You can find the data set [here](https://www.kaggle.com/hacker-news/hacker-news-posts), but note that it has been reduced from almost 300,000 rows to approximately 20,000 rows by removing all submissions that did not receive any comments, and then randomly sampling from the remaining submissions. Below are descriptions of the columns:

- id: The unique identifier from Hacker News for the post
- title: The title of the post
- url: The URL that the posts links to, if the post has a URL
- num_points: The number of points the post acquired, calculated as the total number of upvotes minus the total number of downvotes
- num_comments: The number of comments that were made on the post
- author: The username of the person who submitted the post
- created_at: The date and time at which the post was submitted

Let's look at two interesting sub-types of posts on HN: Ask HN and Show HN. Ask HN posts are posts made by users to ask the HN community about a specific question. For example:
```
Ask HN: How to improve my personal website?
Ask HN: Am I the only one outraged by Twitter shutting down share counts?
Ask HN: Aby recent changes to CSS that broke mobile?
```
Conversely, Show HN posts are made by users to showcase a project, product, or something else of interest. Here are a few examples of Show HN posts:
```
Show HN: Wio Link  ESP8266 Based Web of Things Hardware Development Platform'
Show HN: Something pointless I made
Show HN: Shanhu.io, a programming playground powered by e8vm
```

Our inital objective will be to examine these two types of posts and compare them. We'll try to answer questions like:
- Which type of posts recieves more comments on average?
- Which type of posts recieves more points on average?
- Do posts created within a specific time window recieve more comments on average?

In [1]:
import pandas as pd
import csv

In [2]:
with open('hacker_news.csv') as file:
    raw_dframe = pd.read_csv(file)
    
headers = list(raw_dframe.columns)
raw_dframe.head()

Unnamed: 0,id,title,url,num_points,num_comments,author,created_at
0,12224879,Interactive Dynamic Video,http://www.interactivedynamicvideo.com/,386,52,ne0phyte,8/4/2016 11:52
1,10975351,How to Use Open Source and Shut the Fuck Up at...,http://hueniverse.com/2016/01/26/how-to-use-op...,39,10,josep2,1/26/2016 19:30
2,11964716,Florida DJs May Face Felony for April Fools' W...,http://www.thewire.com/entertainment/2013/04/f...,2,1,vezycash,6/23/2016 22:20
3,11919867,Technology ventures: From Idea to Enterprise,https://www.amazon.com/Technology-Ventures-Ent...,3,1,hswarna,6/17/2016 0:01
4,10301696,Note by Note: The Making of Steinway L1037 (2007),http://www.nytimes.com/2007/11/07/movies/07ste...,8,2,walterbell,9/30/2015 4:12


In [3]:
# Filter and separate Ask HN and Show HN posts

criteria_ask = raw_dframe['title'].map(lambda s: s.lower().startswith('ask hn'))
askhn_dframe = raw_dframe[criteria_ask].copy()

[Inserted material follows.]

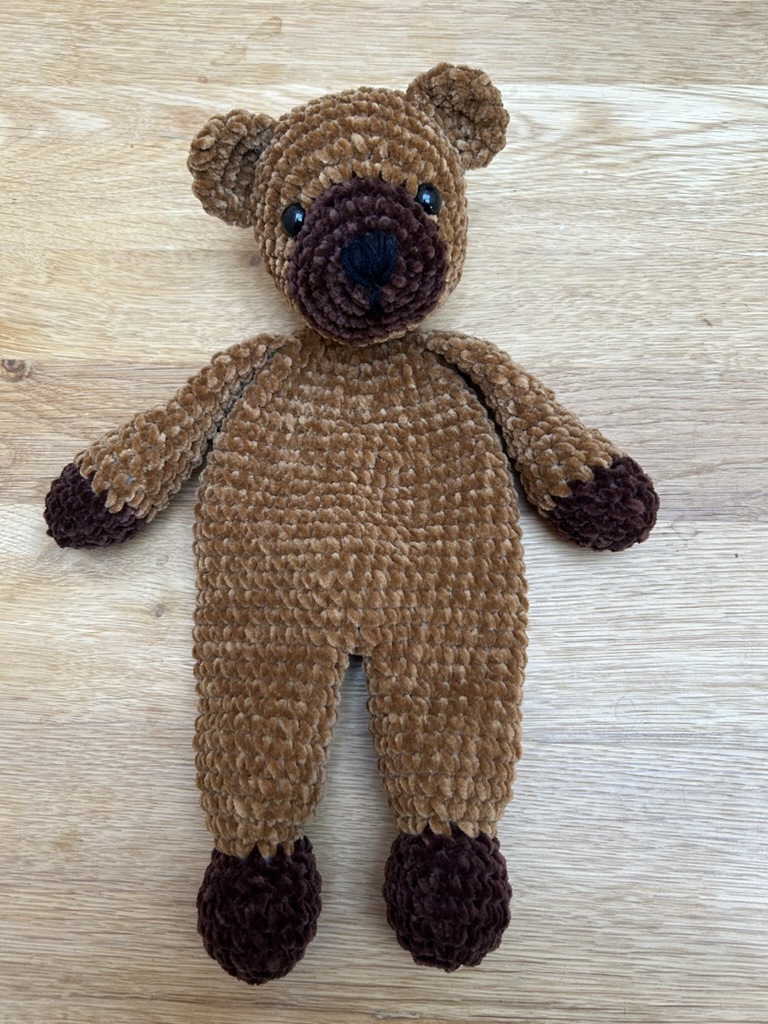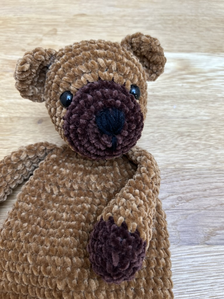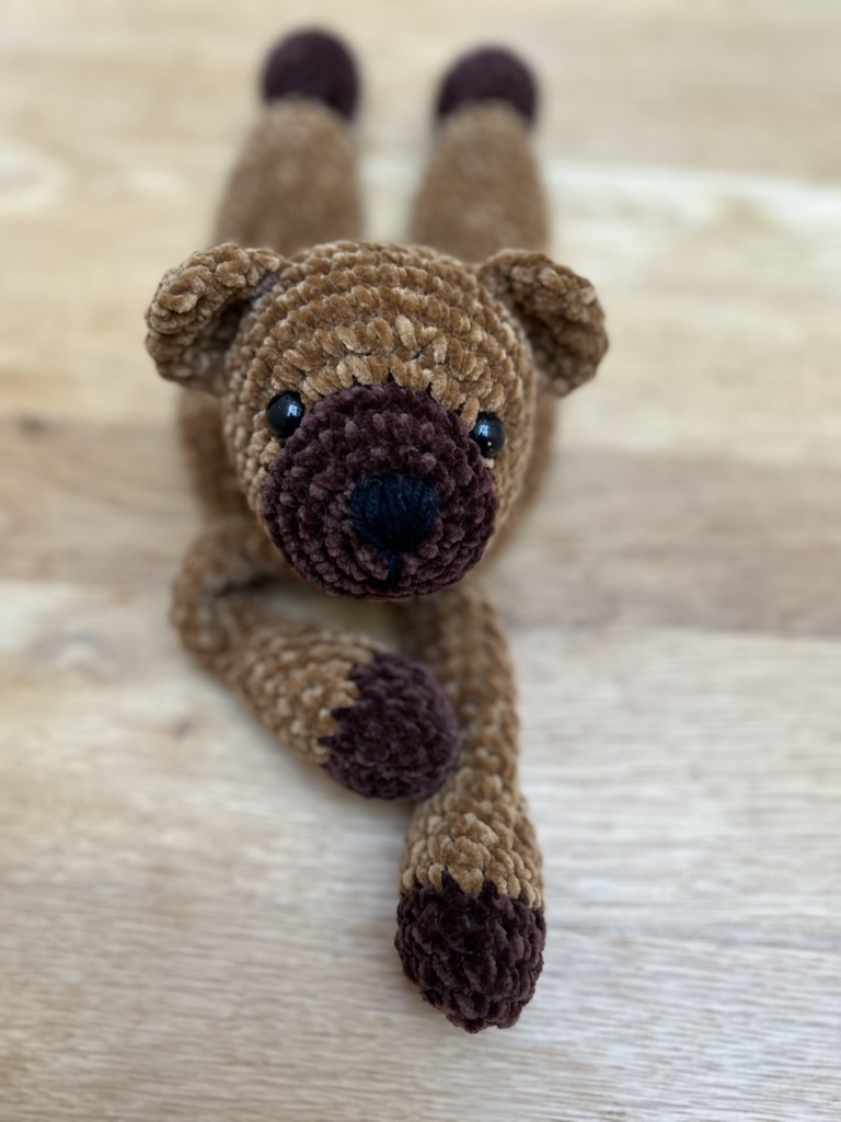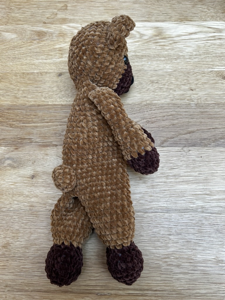 Lief zacht knuffelbeertje. Het beertje is gehaakt met velvet garen en is 35 cm lang.

criteria_show = raw_dframe['title'].map(lambda s: s.lower().startswith('show hn'))
showhn_dframe = raw_dframe[criteria_show].copy()

criteria_other = (~criteria_ask) & (~criteria_show)
other_dframe = raw_dframe[criteria_other].copy()

# Dictionary of different dframes for convienence
dframe_dict = {"askhn": askhn_dframe, "showhn":showhn_dframe, "other":other_dframe}

Now lets look at some basic information about these types of posts:

In [4]:
# Count number of posts
s = "There are {count} posts in {name}."
print(s.format(count=len(dframe_dict["askhn"].index), name='Ask HN'))
print(s.format(count=len(dframe_dict["showhn"].index), name='Show HN'))
print(s.format(count=len(dframe_dict["other"].index), name='Other'))

# Average number of comments
total_ask_comments = dframe_dict["askhn"]["num_comments"].sum()
total_show_comments = dframe_dict["showhn"]["num_comments"].sum()
total_other_comments = dframe_dict["other"]["num_comments"].sum()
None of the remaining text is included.